Why content-first design makes better websites

Let’s talk about the “content first” approach to web design.  

What is it good for? 

What does it look like? 

What is it NOT? 

What is content-first design?

Simply put, it is the belief that we should start with the content (words, pictures, videos, etc) before we tackle the design. This methodology is ever more popular, but it is not a new idea. 

Jeff Zeldman said it beautifully in 2008, when he tweeted: “Content precedes design.

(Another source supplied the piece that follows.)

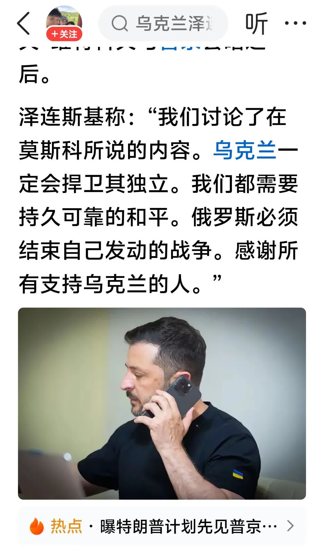 乌克兰总统泽林斯基金句连连: 我愿以自己的辞职换取乌克兰加入北约。(泽林斯基的个人价值没有这么值钱) 普京比我年龄更大,他马上就会死去。我比他活得更久,请大家支持我。(个人年龄与政治生命是两个概念) 没有人比乌克兰人更渴望和平。(要和平的是他,希望鱼死网破的也是他) 我们需要得到可靠的安全保障。(本国安全寄托在别国身上) 我们希望尽快实现停火,同时需要生产更多的无人机,也希望国际社会对俄罗斯给予新的制裁。(既要别人停火,又在作打的部署)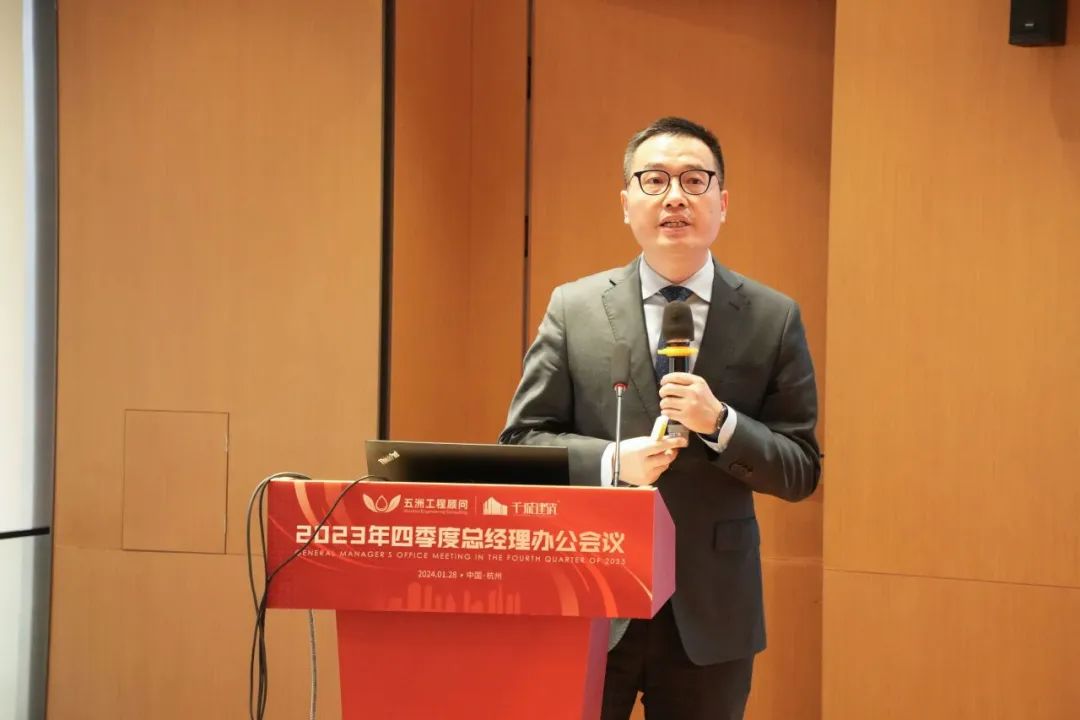 1月28日,五洲顾问·千城建筑2023年四季度总经理办公会议于杭顺利召开。集团董事长蒋廷令及全体高管出席会议,各职能机构、产品机构、区域机构的集团直管干部参加会议,部分异地干部通过远程视频参会。大家齐聚一堂,总结成绩、明确方向、部署计划、共话未来。

Design in the absence of content is not design, it’s decoration” – and his words ring true for more than just web design, too. 

You can see the content-first approach in countless other industries where form follows function… 

  • A script is written before filmmakers start work on the visuals and cinematography 
  • A building’s purpose is determined before an architect starts drawing blueprints
  • A book is edited before an editorial designer starts laying out the pages
  • An apartment is built (at least virtually!) before an interior designer starts work on the living room

In each case, we can see how the “content” of the project (the story, function or purpose) informs the design. When it comes to our industry this translates to collecting and organising as much real, actual content as possible BEFORE we start designing the website, sales funnel, landing page or whatever digital media we are creating. This is sometimes easier said than done, and we’ll get to that in a minute – along with a possible middle ground for those of you still on the fence.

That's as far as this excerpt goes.